Original-URL des Artikels: http://www.golem.de/news/mega-massive-kritik-an-der-verschluesselung-1301-97096.html    Veröffentlicht: 23.01.2013 16:02

Mega

Massive Kritik an der Verschlüsselung

Nach dem Start von Kim Dotcoms Sharehosting-Angebot Mega wird die verwendete Verschlüsselung von mehreren Seiten kritisiert. Dotcom gelobt Besserung und lädt Hacker ein, das System zu knacken.

Die Aufmerksamkeit, die der Start von Mega auf sich zieht, die umstrittene Person Kim Dotcom, seine Versprechungen und damit geschürten Erwartungen haben naturgemäß eine genaue Untersuchung des Sharehosters zur Folge. Offensichtlich sind noch einige Fragen offen, die vor allem die Datensicherheit der Anwender betreffen. Experten kritisieren gleich mehrere Schwachstellen in der Verschlüsselung. Vor allem bemängeln sie, dass bei verlorenen Passwörtern sämtliche Daten ebenfalls verloren gehen würden.

Auch die Deduplizierung mit verschlüsselten Dateien und die Eignung Javascripts für sichere Schlüssel wurden in Zweifel gezogen. An einigen Stellen verspricht Kim Dotcom Verbesserungen. Hacker sollen versuchen, seine Verschlüsselung zu knacken - gegen Preisgeld.

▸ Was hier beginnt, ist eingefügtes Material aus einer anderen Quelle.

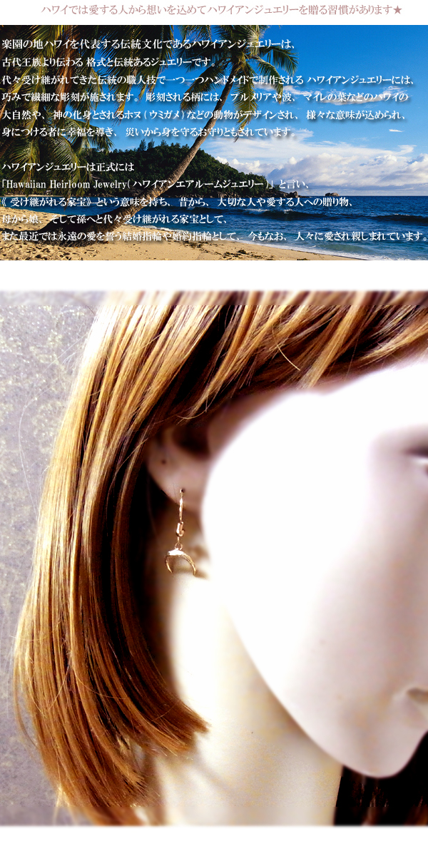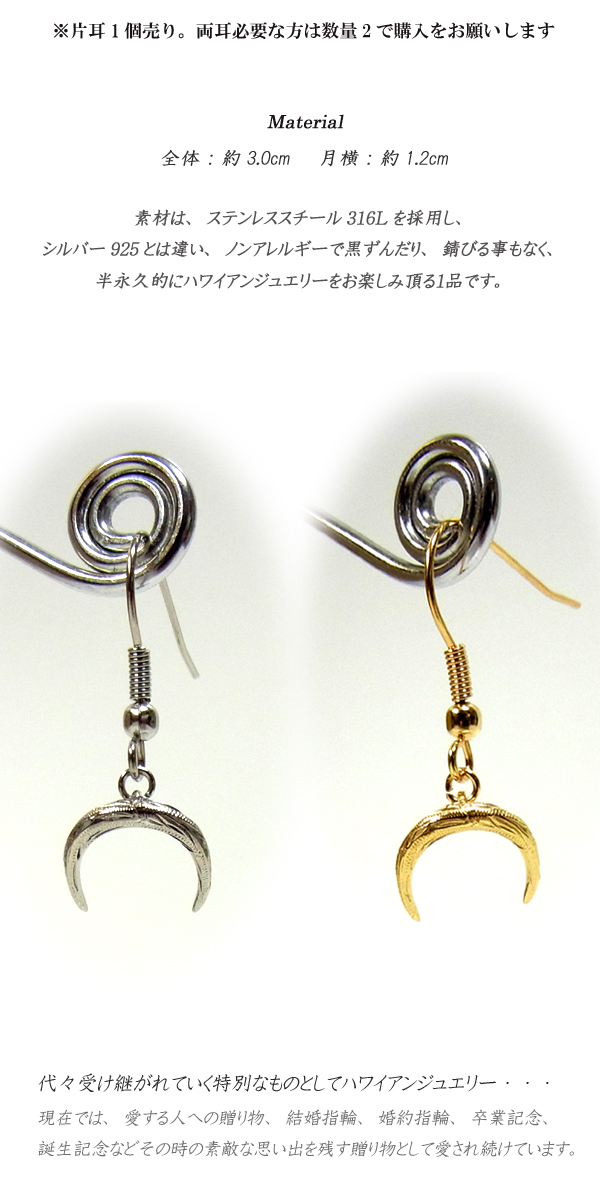 ハワイアンジュエリー ピアスサージカル ステンレス 三日月 ムーン レディース プレゼント ブランド 片耳 金属アレルギー対応 ラッピング対応
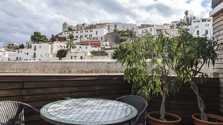 La terraza es compartida con los otros dos Áticos, pero a uso privado de estas. Ofrece vistas a la plaza y a la ciudad antigua (Dalt Vila), tumbonas, mesa con sillas y toldos media sombra.
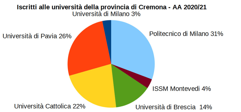 Gli studenti cremonesi frequentano per lo più l’Università Cattolica del Sacro Cuore (32%) e a seguire il Politecnico di Milano (21%), l’Università degli studi di Pavia (20%), l’Università degli Studi di Brescia (19%) e solo il 4% l’Università degli Studi di Milano e l’Istituto Superiore di StudiMusicali “Monteverdi”. Gli studenti residenti fuori provincia frequentano invece il Politecnico di Milano (36%), l’Università degli studi di Pavia (30%), l’Università Cattolica del Sacro Cuore (17%), l’Università degli Studi di
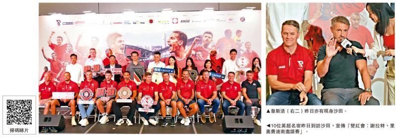 左圖:10位英超名宿昨日到訪沙田,宣傳「雙紅會:謝拉特、里奧費迪南邀請賽」。右圖:韋斯活(右二)昨日亦有現身沙田。
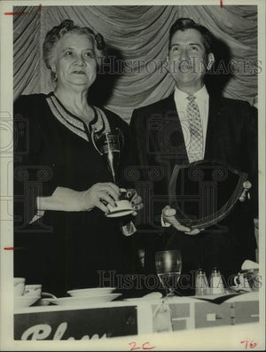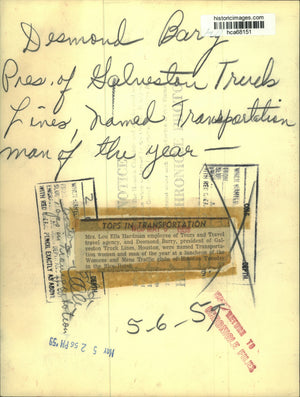 Tops in transportation...Mrs. Lou Ella Hardman, employee of Tours and Travel travel agency, an Desmond Barry, president of Galveston Truck Lines, Houston, Texas, were named Transportation Woman and Man of the Year at a luncheon of the Womens and Mens Traffic clubs of Houston Tuesday in the Rice Hotel.

Als erste griff die Webseite Arstechnica das Thema auf und informierte über mehrere Schwächen bei der von Mega eingesetzten Verschlüsselung. Kim Dotcom hat bereits auf die Vorwürfe geantwortet und die meisten im Mega-Blog als überzogen bezeichnet.

Verlorenes Passwort, verlorene Daten

Die auf den Mega-Servern gelagerten Daten werden nach AES-128 verschlüsselt. Dafür wird ein Benutzerschlüssel benötigt, der bei der Anmeldung erstellt und mit einem beliebigen Passwort des Benutzers versehen wird. Geht er verloren, haben Benutzer auch keinen Zugriff mehr auf Mega und auch nicht auf ihre verschlüsselten Daten.

Dem will Mega zumindest teilweise entgegenwirken: Künftig soll es zumindest möglich sein, das Passwort zu ändern. Damit sollen alle auf dem Server liegenden Schlüssel ebenfalls aktualisiert werden. Auch das Zurücksetzen des Passworts soll künftig möglich sein, allerdings werden sich Daten dann nur entschlüsseln lassen, wenn der Anwender die Schlüssel auf seinem Rechner gesichert hat. Alternativ soll dies über Freunde möglich sein, denen Benutzer Zugriff auf ihre Dateien gewährt haben. Ohne Passwort seien die Daten aber weg, heißt es im Blog. Zumindest hätten Anwender aber dann Zugriff auf die immer noch verschlüsselten Daten.

Wer seine lokale Festplatte verschlüsselt und das Passwort verliert, steht vor dem gleichen Problem.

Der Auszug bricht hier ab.